Poet, writer and teacher, erica kaufman is the author of POST CLASSIC and INSTANT CLASSIC (both from Roof Books) and censory impulse (Factory School). She is co-editor of NO GENDER: Reflections on the Life and Work of kari edwards and a collection of archival pedagogical documents, Adrienne Rich: Teaching at CUNY, 1968–1974. Recent poems can be found in e-flux. kaufman’s prose, focused on contemporary feminist poetics and pedagogy, appears in Approaches to Teaching the Works of Gertrude Stein; The Supposium: Thought Experiments & Poethical Play in Difficult Times; Urgent Possibilities, Writings on Feminist Poetics & Emergent Pedagogies; and Reading Experimental Writing. kaufman is the director of the Bard College Institute for Writing & Thinking.

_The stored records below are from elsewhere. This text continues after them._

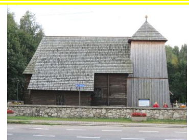
Erzengel-Michael-Kirche in Rudzinitz / Kr. Gleiwitz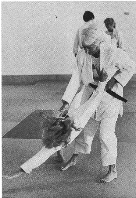
Jiu-Jitsu, für geübte Seniorinnen kein Problem.

Werden ältere sporttreibende Menschen nach den Beweggründen für ihr Tun gefragt, so wird von den meisten an erster Stelle die Gesundheit genannt. Nach der Definition der Weltgesundheitsorganisation wird darunter nicht nur das Freisein von Krankheit und Gebrechen verstanden, sondern ganz allgemein ein Zustand völligen körperlichen, seelischen und sozialen Wohlbefindens.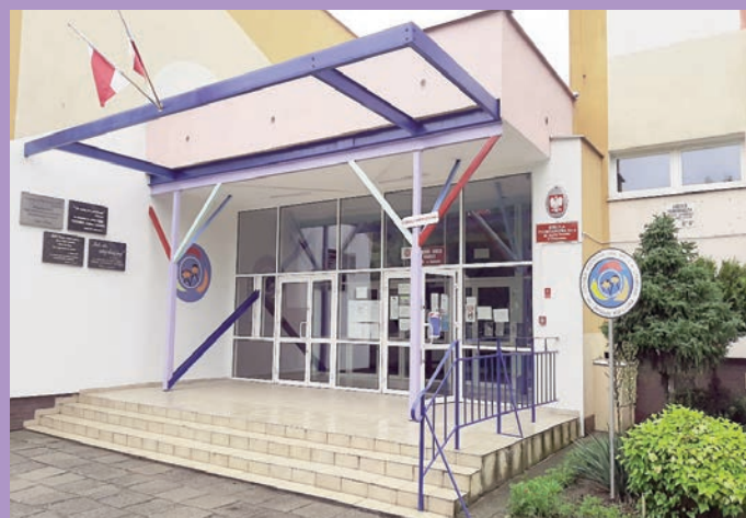
„Czwórka - kolorowa szkoła”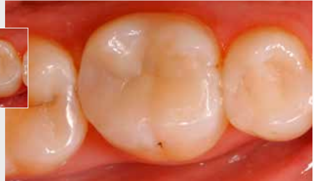
Grosses Bild: Die ästhetisch hochwertige Alternative mit einem Inlay aus IPS Empress® CAD

Dr. A. Peschke, Ivoclar Vivadent, Liechtenstein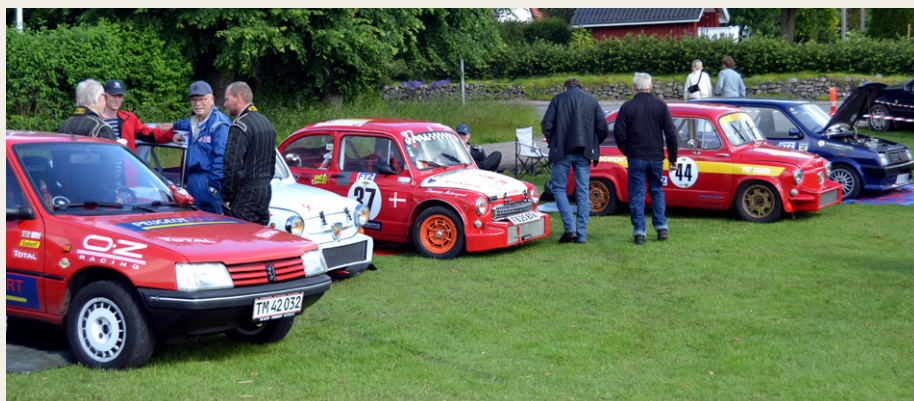
Mange forskellige slags biler er repræsenteret til dette race.

byen ligger der også et flot sted, hvor vi får lov til at parkere vore veteranbiler, som et ekstra tilbud til de mange tilskuer, der kommer på dagen.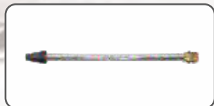
Lanca Turbo S-98925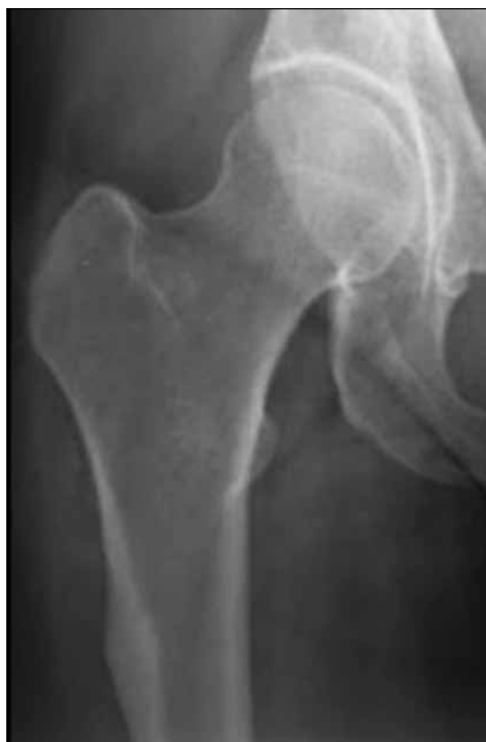
▲ Figura 1. Radiografía de cadera derecha, de frente. Se observa el característico engrosamiento de la cortical externa por consumo crónico de bifosfonatos. Lamentablemente dicha anomalía suele pasar inadvertida frente a los ojos de médicos no especialistas.

Fue controlada periódicamente en su Centro de atención, evolucionó con leves molestias y sin signos radiográficos de consolidación (Figura 6).

Matt Longabucco is the author of the poetry collection Heroic Dose (Golias Books, 2022) and M/W: An essay on Jean Eustache’s La maman et la putain (Ugly Duckling Presse, 2021), a book-length essay about a landmark of French cinema and its creator. His essay “Poster Syndrome” appears in the Nicole Eisenman catalogue Incelesbian (2020). He lives in Brooklyn and teaches writing, innovative pedagogy and critical theory at New York University and at Bard College’s Institute for Writing & Thinking.